Tashnu let his head fall against Vash’s in relief.
The sight of Vash in tears was not uncommon enough to be particularly alarming. Dara embraced her husband first, but immediately afterwards she turned Vash around and hugged him too.
“Kiv is dead!” Vash sniffled.
Tashnu squirmed at the sound of the name, but Dara did not seem perturbed in the least.

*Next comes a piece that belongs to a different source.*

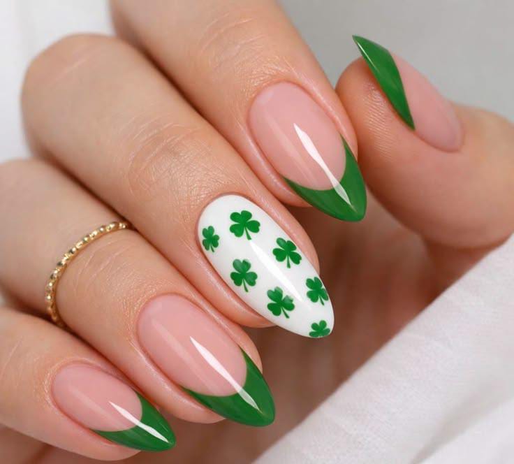 This look is nude nails with sharp green French tips and tiny shamrock details on white accent nail. The style is clean, cute, and St. Patrick’s Day festive without being too loud.

“Poor dear,” she sighed. “For who loved him better than you?”
“I let him die alone!”
“He knows you couldn’t help it, dear. He knows you love him. He forgives you.”
Tashnu was momentarily lost in contemplation of Dara’s sweet little face upon Vash’s shoulder. His wife and his mother had been dead so long that he had forgotten what it was to find aid in the arms of a lady. Dara did not begin by asking Vash what was the matter – she merely hugged him. Dara did not begin by asking what had happened – she merely comforted him.
However, she soon lifted her head and wiped her hand over Vash’s cheeks.
“But for now, poor dear, you must dry your eyes and try to be calm. Your father is looking for you and Shus.”
“So late?” Shosudin gasped.
“I think he’s angry, Shus. My father is with him, and Osh and Morin. He knows you two were out tonight.”